Primeiro precisamos definir o que está sendo chamado aqui de intelectual, pois há vários sentidos associados a esse termo. Em diferentes contextos históricos, algumas pessoas acabam, por diversas razões e através de uma série de meios, exercendo cotidianamente a difusão ou a crítica sistemática de certos conjuntos de ideias e valores, favorecendo dessa maneira um ou mais grupos sociais em detrimento de outros. Quando falo em intelectual, é basicamente a isso que me refiro. É claro, as relações simbólicas não se resumem a esse aspecto, são processos muito mais complexos.
A ESG, desde que foi criada, logo depois do fim da II Guerra Mundial, estabeleceu para si alguns objetivos fundamentais.

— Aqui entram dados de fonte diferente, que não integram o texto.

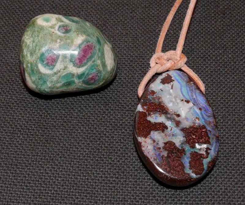 Bei mir sind es heute mal zur Abwechslung vom Nephrit Donut ein Boulder-Opal und Rubin-Fuchsit-Disthen ... Bunt und munter.
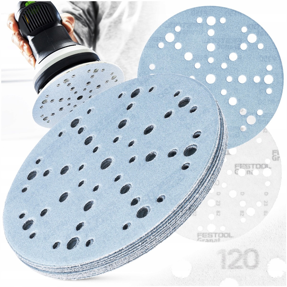 10 наждачной бумаги на липучке для шлифовальной машины FESTOOL, ТЕМНО-СИНИЕ ДИСКИ 150 мм P120

Um deles era a elaboração de uma doutrina de segurança nacional e de desenvolvimento para o Brasil. Isso foi feito ao longo dos anos 1950, com a Doutrina de Segurança Nacional, reelaborada ao longo das décadas seguintes.

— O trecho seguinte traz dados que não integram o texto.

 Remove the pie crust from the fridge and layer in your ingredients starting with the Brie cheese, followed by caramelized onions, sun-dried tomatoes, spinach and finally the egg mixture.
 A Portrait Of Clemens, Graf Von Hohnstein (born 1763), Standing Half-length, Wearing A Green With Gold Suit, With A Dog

Outro objetivo central da ESG era a difusão desse conjunto de ideias e valores junto a lideranças efetivas ou potenciais, tanto no âmbito militar quanto no civil. Já nos anos 1950, isso foi feito intensamente pela escola. Entre 1950 e 1959, pelo menos 360 civis e 532 militares foram por ela formados, sendo que, dentre os civis, 53 eram professores. Depois, entre 1960 e 1963, a ESG formou outros 164 civis (dentre os quais, 28 docentes) e 270 militares. Várias dessas pessoas tiveram participação intensa e influência decisiva no rumo dos acontecimentos políticos do país ao longo da década de 1950 e nos conturbados anos que antecederam o golpe de 1964.

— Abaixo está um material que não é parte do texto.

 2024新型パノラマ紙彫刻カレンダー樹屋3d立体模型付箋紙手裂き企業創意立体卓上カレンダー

Quando Jango foi deposto e os golpistas, civis e militares, tomaram o poder, as ideias que haviam sido forjadas na ESG nos anos anteriores foram adotadas como diretrizes políticas, inclusive para a educação. Aliás, a educação teve naqueles anos uma especial importância para eles.
A forma como a educação foi tratada por aqueles governos ilegítimos estava em consonância com tudo isso. Daí as intensas perseguições e expurgos nas universidades imediatamente após o golpe, a forte perseguição ao movimento estudantil de oposição à ditadura, a institucionalização da doutrinação, via educação moral e cívica, anos depois, e assim por diante. A doutrina e as ações da ESG forneciam o respaldo ideológico para tais violências, caracterizando-as como ações de “combate ao inimigo interno”. Todo mundo que se opunha à ditadura (e até mesmo quem não se opunha, mas poderia vir a se opor, com algum grau de probabilidade), inclusive nas instituições de educação superior, estava sujeito a ser enquadrado nessa categoria e, assim, ser perseguido e punido arbitrariamente, apenas por pensar diferente daquilo que era estabelecido como “normal” por aqueles que haviam assumido o poder com a instauração do regime ditatorial.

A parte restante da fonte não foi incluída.